## What you have to do
Could every line of the listing be output exactly, with the pictures skipped?

## Available data
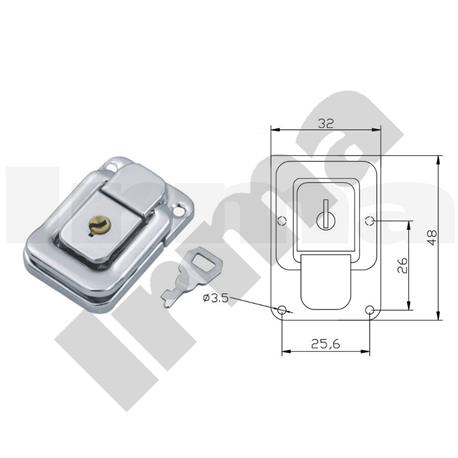 Zamek do skrzyń, walizek i kaset na klucz 48x32mm CHROM
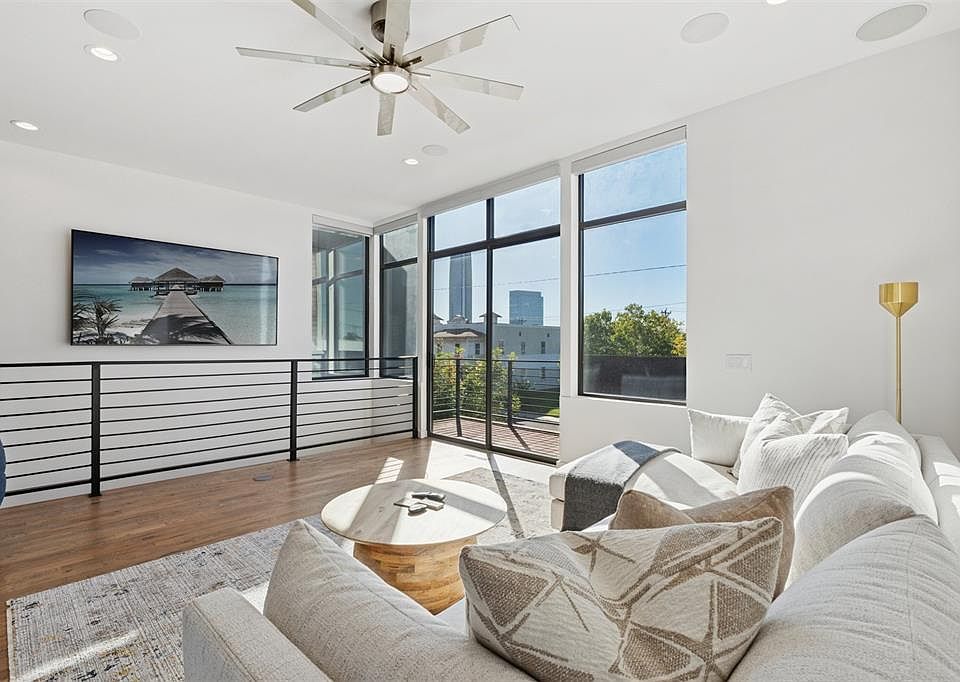 Welcome Home to The Dwellings at SOSA! This multi-level modern home is the epitome of downtown living in OKC in the South of St. Anthony district affectionately called, SOSA. Built in 2017, this home is 1,997sf and hosts 3 bedrooms, 3.5 bathrooms and a roof top deck overlooking the downtown OKC Skyline! The first level of this home has a bedroom with an ensuite bathroom and a 2-car garage with an epoxy floor. As you wander up the first set of stairs, you will find the living room, dining and modern kitchen. The living room has views of the city and its own step out balcony. The large flatscreen TV was masterfully hung over the stairs and will convey with the home. The kitchen is full of luxury with its premium Fisher and Paykel appliance package. The package includes a 30" electric range, a stainless dishwasher drawer, a panel ready refrigerator drawer and a panel ready fridge and freezer. The granite countertops have pop-up outlets spaced throughout and the peninsula is finished off with a waterfall edge to give it that sleek modern look. Just off the kitchen is also the 2nd level powder bathroom. The 2nd set of stairs will take you to the 3rd level where you will find a guest room, a full hall bathroom, laundry closet with a stackable washer/dryer set and finally the primary suite. The primary suite offers panoramic views of the city. The primary bathroom has a giant walk-in shower with the 2 shower heads, dual vanities, a water closet and built-in storage. The primary also features a long walk-in closet with built-in storage. Finally, the last set of stairs takes you to the 616sf roof top deck. The deck is plumbed and ready for you to enhance it with an outdoor kitchen. This deck gives you a 360* view of the city. Something that very few homes can do. This home is set a part from its neighbors being situated on the corner which allows for 8 additional windows on the West side offering more light. Come dwell in the heart of OKC and experience all it has to offer!
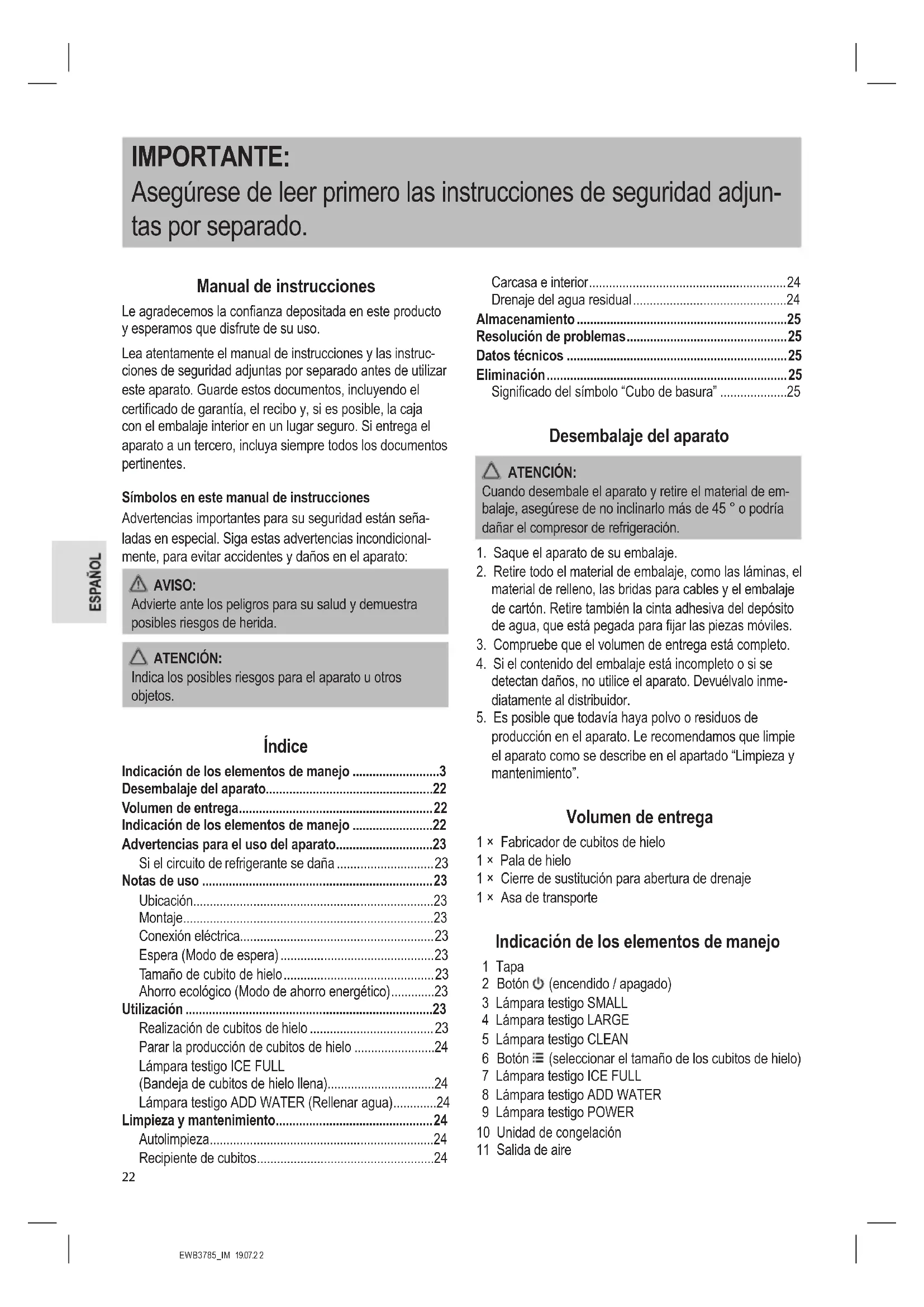 producción en el aparato. Le recomendamos que limpie el aparato como se describe en el apartado “Limpieza y mantenimiento”. Volumen de entrega 1 × Fabricador de cubitos de hielo 1 × Pala de hielo 1 × Cierre de sustitución para abertura de drenaje 1 × Asa de transporte Indicación de los elementos de manejo 1 Tapa 2 Botón (encendido / apagado) 3 Lámpara testigo SMALL 4 Lámpara testigo LARGE 5 Lámpara testigo CLEAN 6 Botón (seleccionar el tamaño de los cubitos de hielo) 7 Lámpara testigo ICE FULL 8 Lámpara testigo ADD WATER 9 Lámpara testigo POWER 10 Unidad de congelación 11 Salida de aireEWB3785_IM 19.07.2 2

## Answer below
 Zamek do skrzyń, walizek i kaset na klucz 48x32mm CHROM
 Welcome Home to The Dwellings at SOSA! This multi-level modern home is the epitome of downtown living in OKC in the South of St. Anthony district affectionately called, SOSA. Built in 2017, this home is 1,997sf and hosts 3 bedrooms, 3.5 bathrooms and a roof top deck overlooking the downtown OKC Skyline! The first level of this home has a bedroom with an ensuite bathroom and a 2-car garage with an epoxy floor. As you wander up the first set of stairs, you will find the living room, dining and modern kitchen. The living room has views of the city and its own step out balcony. The large flatscreen TV was masterfully hung over the stairs and will convey with the home. The kitchen is full of luxury with its premium Fisher and Paykel appliance package. The package includes a 30" electric range, a stainless dishwasher drawer, a panel ready refrigerator drawer and a panel ready fridge and freezer. The granite countertops have pop-up outlets spaced throughout and the peninsula is finished off with a waterfall edge to give it that sleek modern look. Just off the kitchen is also the 2nd level powder bathroom. The 2nd set of stairs will take you to the 3rd level where you will find a guest room, a full hall bathroom, laundry closet with a stackable washer/dryer set and finally the primary suite. The primary suite offers panoramic views of the city. The primary bathroom has a giant walk-in shower with the 2 shower heads, dual vanities, a water closet and built-in storage. The primary also features a long walk-in closet with built-in storage. Finally, the last set of stairs takes you to the 616sf roof top deck. The deck is plumbed and ready for you to enhance it with an outdoor kitchen. This deck gives you a 360* view of the city. Something that very few homes can do. This home is set a part from its neighbors being situated on the corner which allows for 8 additional windows on the West side offering more light. Come dwell in the heart of OKC and experience all it has to offer!
 producción en el aparato. Le recomendamos que limpie el aparato como se describe en el apartado “Limpieza y mantenimiento”. Volumen de entrega 1 × Fabricador de cubitos de hielo 1 × Pala de hielo 1 × Cierre de sustitución para abertura de drenaje 1 × Asa de transporte Indicación de los elementos de manejo 1 Tapa 2 Botón (encendido / apagado) 3 Lámpara testigo SMALL 4 Lámpara testigo LARGE 5 Lámpara testigo CLEAN 6 Botón (seleccionar el tamaño de los cubitos de hielo) 7 Lámpara testigo ICE FULL 8 Lámpara testigo ADD WATER 9 Lámpara testigo POWER 10 Unidad de congelación 11 Salida de aireEWB3785_IM 19.07.2 2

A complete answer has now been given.